METHODS:Our objective was to evaluate the prognostic importance of clinical and hemodynamic variables during follow-up, including pulmonary arterial compliance, after initial management in PAH. We evaluated incident patients with idiopathic, drug- and toxin-induced, or heritable PAH enrolled in the French pulmonary hypertension registry between 2006 and 2016 who had a follow-up right-sided heart catheterization (RHC). The primary outcome was death or lung transplantation. We used stepwise Cox regression and the Kaplan-Meier method to assess variables obtained at baseline and at first follow-up RHC.

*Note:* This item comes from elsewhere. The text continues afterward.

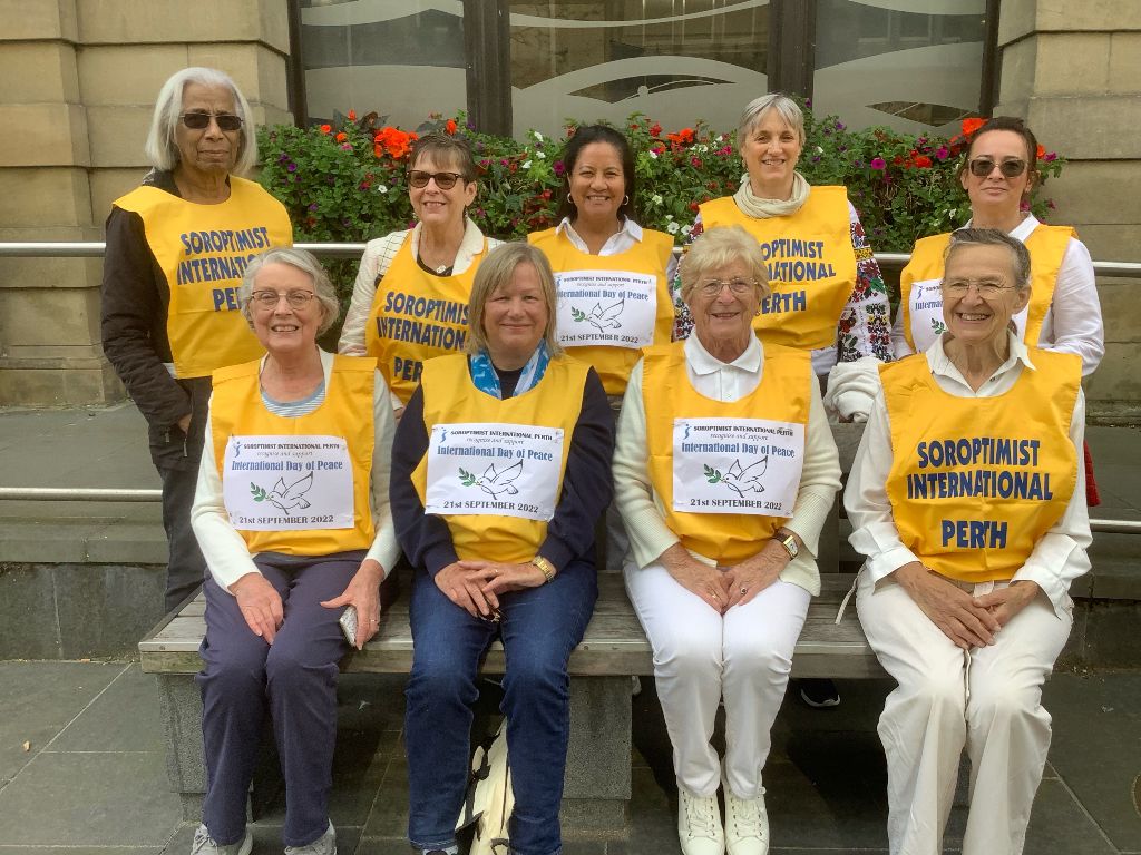 Members of Soroptimist International of Perth gathered today to recognise International Peace Day. The walk started with a little dance of Universal Peace, and then a walk across Queen’s Bridge, Perth followed by a minute’s silence at the Peace Pole in Rodney Gardens before returning to the High Street.

RESULTS:Of 981 patients, a primary outcome occurred in 331 patients (33.7%) over a median follow-up duration of 2.8 years (interquartile range, 1.1–4.6 years). In a multivariable model considering only baseline variables, no hemodynamic variables independently predicted prognosis. Median time to first follow-up RHC was 4.6 months (interquartile range, 3.7–7.8 months). At first follow-up RHC (n=763), New York Heart Association functional class, 6-minute walk distance, stroke volume index (SVI), and right atrial pressure were independently associated with death or lung transplantation, adjusted for age, sex, and type of PAH. Pulmonary arterial compliance did not independently predict outcomes at baseline or during follow-up. The adjusted hazard ratio for SVI was 1.28 (95% confidence interval, 1.11–1.49; P<0.01) per 10-mL/m decrease and for right atrial pressure was 1.05 (95% confidence interval, 1.02–1.09; P<0.01) per 1–mm Hg increase. Among patients who had 2 (n=355) or 3 (n=193) low-risk prognostic features at follow-up, including a cardiac index ≥2.5 L·min·m, 6-minute walk distance >440 m, and New York Heart Association class I or II functional class, lower SVI was still associated with higher rates of death or lung transplantation (P<0.01).
CONCLUSIONS:SVI and right atrial pressure were the hemodynamic variables that were independently associated with death or lung transplantation at first follow-up RHC after initial PAH treatment. These findings suggest that the SVI could be a more appropriate treatment target than cardiac index in PAH.